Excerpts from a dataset
+---+
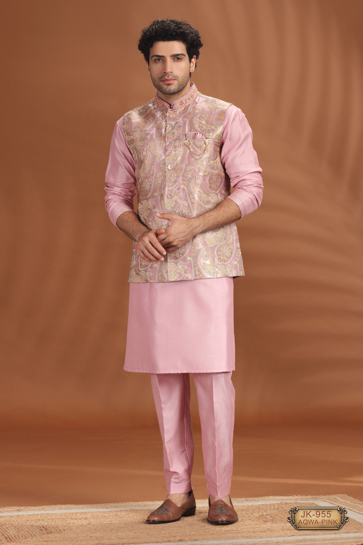 This Soft Pink Kurta Pajama Set paired with a designed coti jacket is the epitome of graceful sophistication. The pastel pink kurta pajama base gives a soft, classy vibe, while the paisley embroidered jacket adds a regal flair that makes it perfect for festive occasions. Crafted in premium fabric with intricate detailing, this set is ideal for weddings, engagements, sangeet nights, and cultural celebrations โ ensuring you shine with effortless style.
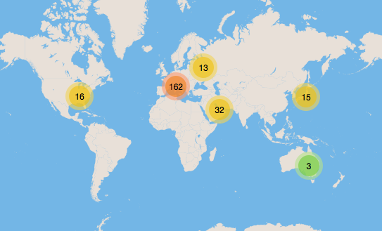 Show Map pin drop for confirmed cases with clustering for points that are in the same location
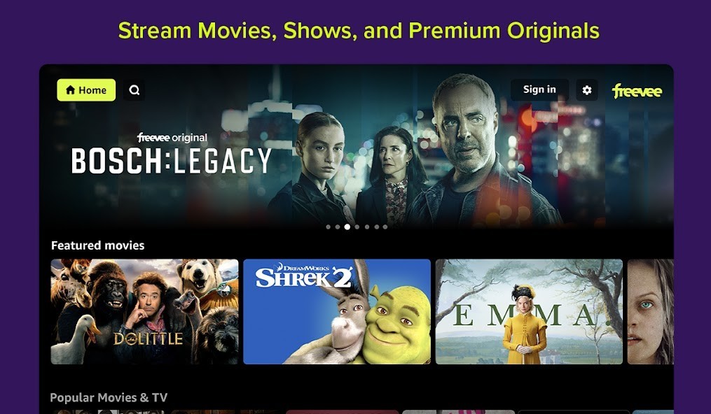 Watch thousands of hit movies, shows, Freevee Originals, and live 24/7 entertainment channels to match your mood. With new releases added monthly, enjoy Hollywood hits, quality shows, and exclusive Originals. Freevee is supported by Ads and has no hidden fees, no subscription tiers, and no monthly payments. Enjoy what you like, how you like, and as many times as you like. Install the Freevee App on your Android TV.For our Terms of Use and Privacy Notice, please see https://www.amazon.com/privacy. Amazon, Freevee, Prime Video and all related marks are trademarks of Amazon.com, Inc. or its affiliates.
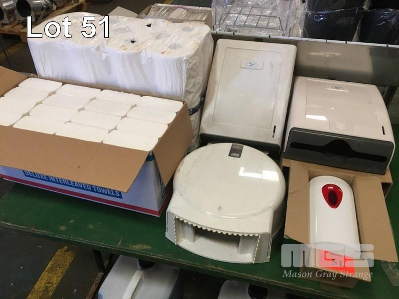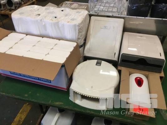 2 x REGAL DELUXE INTERLEAVED TOWEL DISPENSERS & BOX TOWELS, TOLET ROLL & SOAP DISPSNER & PACK YORK TOWEL ROLLS
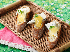 カットしたバゲットに塩味の強いブルーチーズ、お好みのジャムをのせてでき上がり!
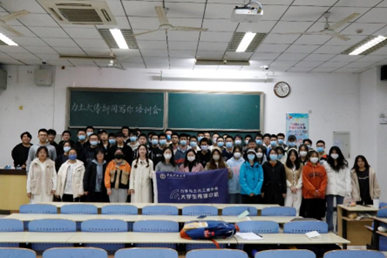 大学生传媒中心指导老师张琳和杜昕以及全体传媒中心的成员参加本次培训会。
+---+
(EXERCISE AIM):
Please print exactly the lines from the line containing "カットしたバゲットに塩味の強いブルーチーズ、お好みのジャムをのせてでき上がり!" through the end of the records above, both included, leaving out every picture.

(EXERCISE ANSWER):
 カットしたバゲットに塩味の強いブルーチーズ、お好みのジャムをのせてでき上がり!
 大学生传媒中心指导老师张琳和杜昕以及全体传媒中心的成员参加本次培训会。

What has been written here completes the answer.